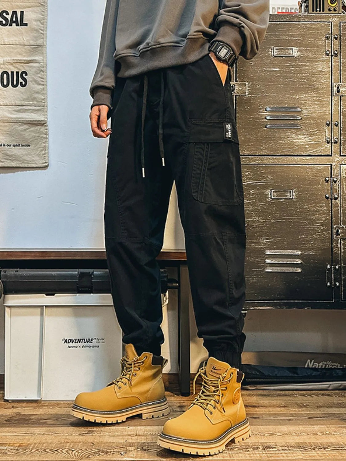 Men's Plus Size Drawstring Pants with Cargo Pockes
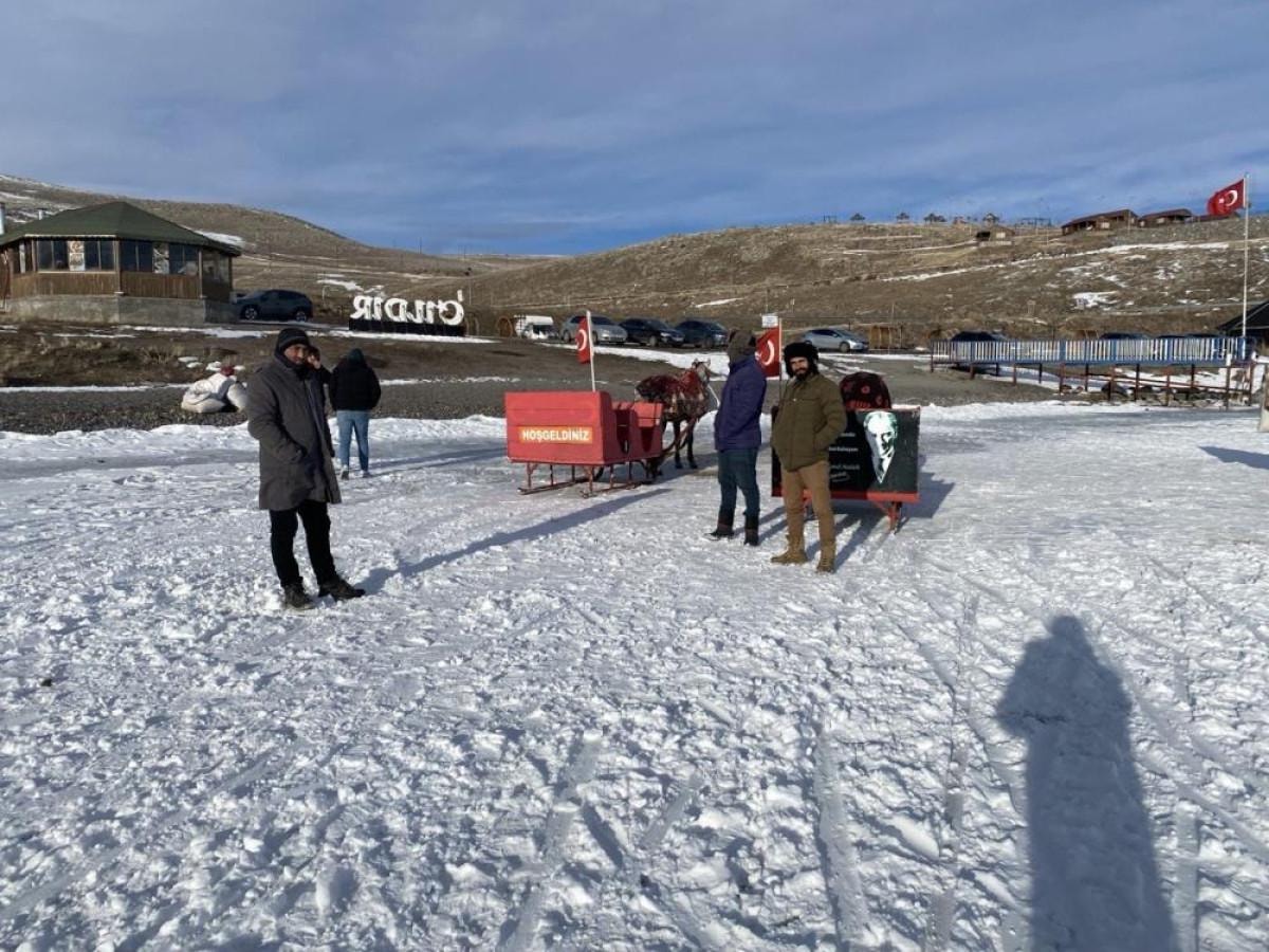 Yüzeyi yaklaşık 10 santim buz tutan Çıldır Gölü'nün simgesi haline gelen atlı kızaklar da buzun üzerine çıkmaya başladı.
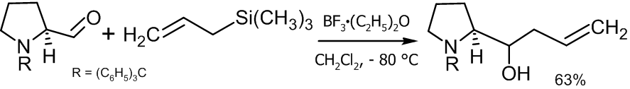 Другим удобным агентом, реагирующим по данной схеме является аллилборный эфир винной кислоты (Рауш, 1985 год)[38].
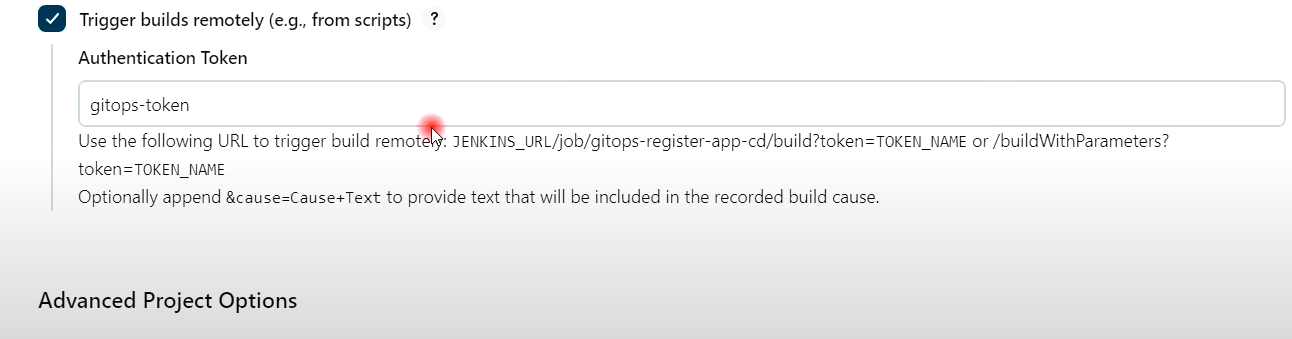 sh "curl -v -k --user clouduser:${JENKINS_API_TOKEN} -X POST -H 'cache-control: no-cache' -H 'content-type: application/x-www-form-urlencoded' --data 'IMAGE_TAG=${IMAGE_TAG}' 'http://젠킨스 내부IP주소:8080/job/gitops-register-app-cd/buildWithParameters?token=gitops-token'"
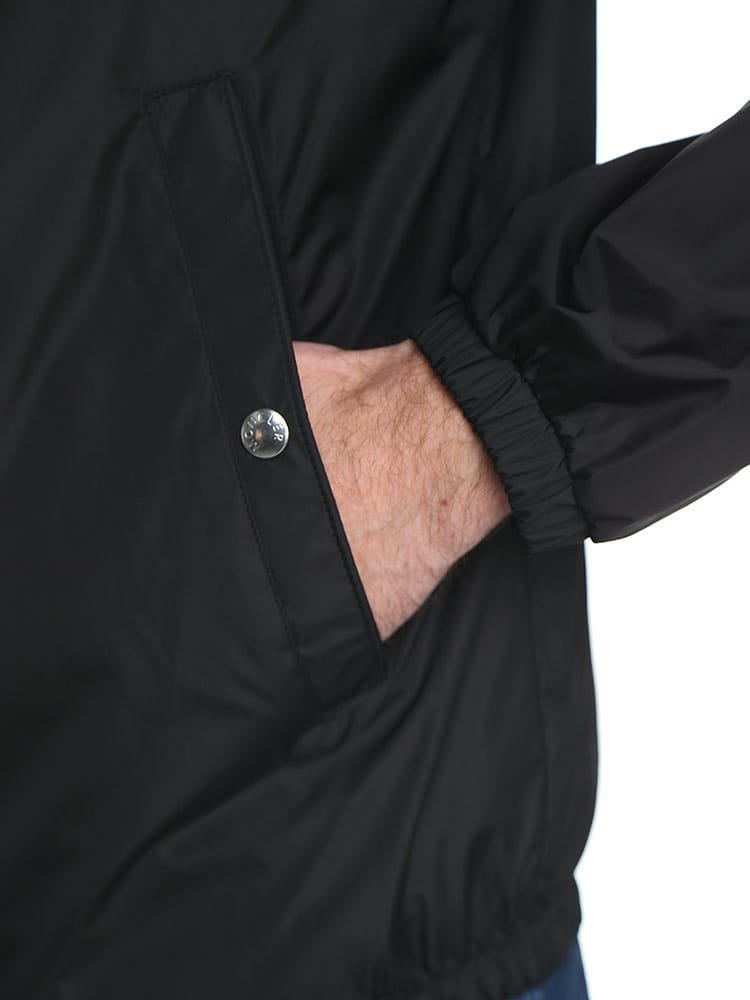 袖口は調節可能、スナップボタンでクローズ

════

### REQUIRED WORK
Your answer must be the lines from the one containing "-v -k --user" through the last line of the records, printed exactly with no pictures; please include both ends.

### OUTPUT FOR THIS EXERCISE
 sh "curl -v -k --user clouduser:${JENKINS_API_TOKEN} -X POST -H 'cache-control: no-cache' -H 'content-type: application/x-www-form-urlencoded' --data 'IMAGE_TAG=${IMAGE_TAG}' 'http://젠킨스 내부IP주소:8080/job/gitops-register-app-cd/buildWithParameters?token=gitops-token'"
 袖口は調節可能、スナップボタンでクローズ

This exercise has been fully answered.